- Information supplied -

--- --- ---

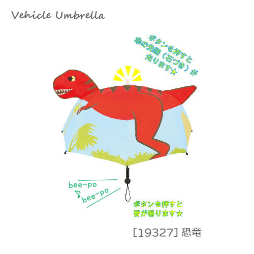 [J19362]Vehicle Umbrella 乗り物傘 恐竜 ダイナソー レックス 傘 かわいい 可愛い かさ 子供 音が鳴る 先端が光る 透明部分 47cm 働く車 送料無料
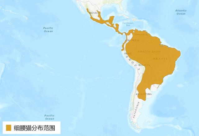 细腰猫起源于美国德克萨斯州南部及墨西哥北部沿海地区,后来向南延伸至安第斯山脉以东大部分南美洲地区,最南端到达阿根廷北部地区,其实细腰猫的分布范围跟美洲豹的历史分布范围十分类似,它们的栖息地有着很大的重叠区域。
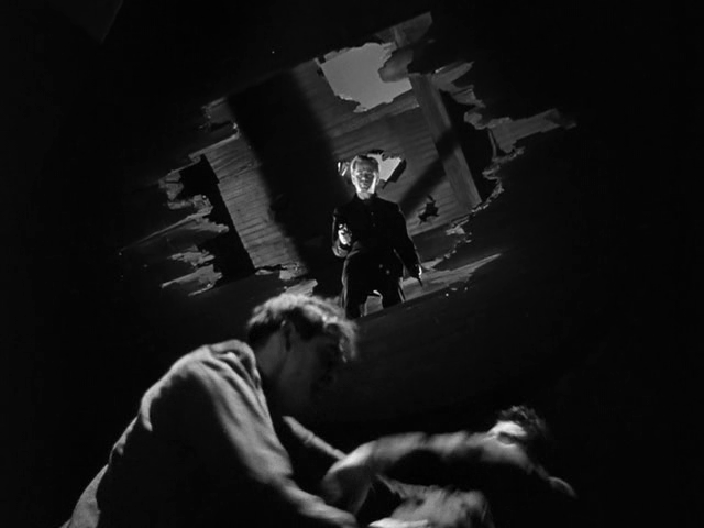 Les conspirateurs se cachent dans les souterrains d’une immense brasserie — après tout, nous sommes en Allemagne — ce qui permet à Tourneur de mettre en scène une remarquable séquence de suspense, aux cadrages expressionnistes sublimes.
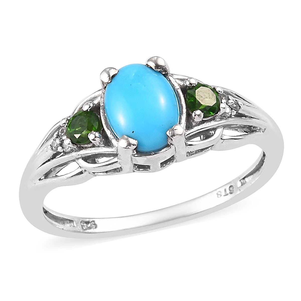 Sparkling with multi gemstones, this natural Sleeping Beauty turquoise ring is a combo of design, spark, and classy look. Gleaming in the blue hues, the oval-shaped natural Sleeping turquoise is graced with colorful rounds on both sides, completing the design. The swirling smooth sleek frames beautifully hold the designer forefront. Crafted in platinum plated sterling silver, this solitaire turquoise ring is gleaming and luminous. Named after a mountain, the bright, cheerful robin's egg blue color of Sleeping Beauty turquoise makes it one of the most sought-after varieties of this trendsetting stone.

--- --- ---

- Description of the task -
Pictures aside, return all of the material exactly as written.

- Exercise solution -
 [J19362]Vehicle Umbrella 乗り物傘 恐竜 ダイナソー レックス 傘 かわいい 可愛い かさ 子供 音が鳴る 先端が光る 透明部分 47cm 働く車 送料無料
 细腰猫起源于美国德克萨斯州南部及墨西哥北部沿海地区,后来向南延伸至安第斯山脉以东大部分南美洲地区,最南端到达阿根廷北部地区,其实细腰猫的分布范围跟美洲豹的历史分布范围十分类似,它们的栖息地有着很大的重叠区域。
 Les conspirateurs se cachent dans les souterrains d’une immense brasserie — après tout, nous sommes en Allemagne — ce qui permet à Tourneur de mettre en scène une remarquable séquence de suspense, aux cadrages expressionnistes sublimes.
 Sparkling with multi gemstones, this natural Sleeping Beauty turquoise ring is a combo of design, spark, and classy look. Gleaming in the blue hues, the oval-shaped natural Sleeping turquoise is graced with colorful rounds on both sides, completing the design. The swirling smooth sleek frames beautifully hold the designer forefront. Crafted in platinum plated sterling silver, this solitaire turquoise ring is gleaming and luminous. Named after a mountain, the bright, cheerful robin's egg blue color of Sleeping Beauty turquoise makes it one of the most sought-after varieties of this trendsetting stone.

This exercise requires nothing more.